Perhaps you could say, "Peel back film slightly to expose product to vent steam" or something like that next time you are printing the packaging containers. Or you could tell me to go stand in the corner of a round room. Squarely, the decision is yours.

Then I signed my name.

Wednesday, December 21, 2005

Beets Me

While I was up visiting my brother and his wife, near St. Louis, Tim brought up some interesting questions about food...

Why is it, when you eat chicken, you're eating chicken?


When you eat turkey, you're eating turkey.
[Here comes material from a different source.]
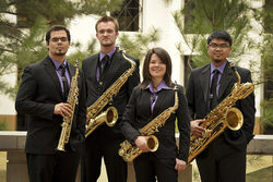 Four SFA saxophone students will compete against other top quartets and/or soloists at the North American Saxophone Alliance competitions in Tempe, Ariz. March 15 through 18. Pictured, from left, are Brownsville graduate student Robert Palermo; Lufkin graduate student Matt Mahaffey; Lake Mary, Fla., senior Elena Pedersen; and Harker Heights graduate student Alvin Eclavea.NACOGDOCHES, TEXAS - Four Stephen F. Austin State University saxophone students will be traveling to Tempe, Ariz., March 15 through 18 to compete in the North American Saxophone Alliance quartet and/or solo competitions.

But, when you're eating a cow, you're eating beef. Same with buffalo. You're eating bison. Lamb is lamb. Goat is goat. But, a pig is pork. You don't go out to the shed to feed the porks - you're feeding pigs. When was the last time you ordered hog chops in a restaurant or prime rib of cow or calf marsala in an Italian eatery? Try ordering a chopped up dead cow sandwich the next time you go to a burger joint. Or dip your meat in the cooked blood of cattle cuts instead of au jus. There's that fancy French. Did you ever eat slimy snails? Au contraire, sacre bleu! No, it's escargot. If it sounds too awful to eat, give it a fancy French name, unless, of course, we're talking about sweetbread, the culinary term for the thymus gland (in the throat) and the pancreas (near the stomach) in calves, lambs and pigs. Sounds delicious, doesn't it?

What about cooking methods? What's the difference between baking and roasting in the oven? You can eat baked chicken or you can eat roasted chicken. How come you never eat baked turkey, then? Was that escargot baked or roasted?

Language is very funny when it comes to food. On that note...Peas on Earth, I'm going to go roast an apple pie.

Friday, December 16, 2005

The Case of the Missing Glasses


I used to wear glasses for near-sightedness. Now that I'm in my fifties, my eyes have made dramatic changes. I no longer wear glasses to see far distances. I can read things from afar that used to be nothing but a blur. The downside to it is that I now need reading glasses. My up-close vision used to be incredible. Alas, no more.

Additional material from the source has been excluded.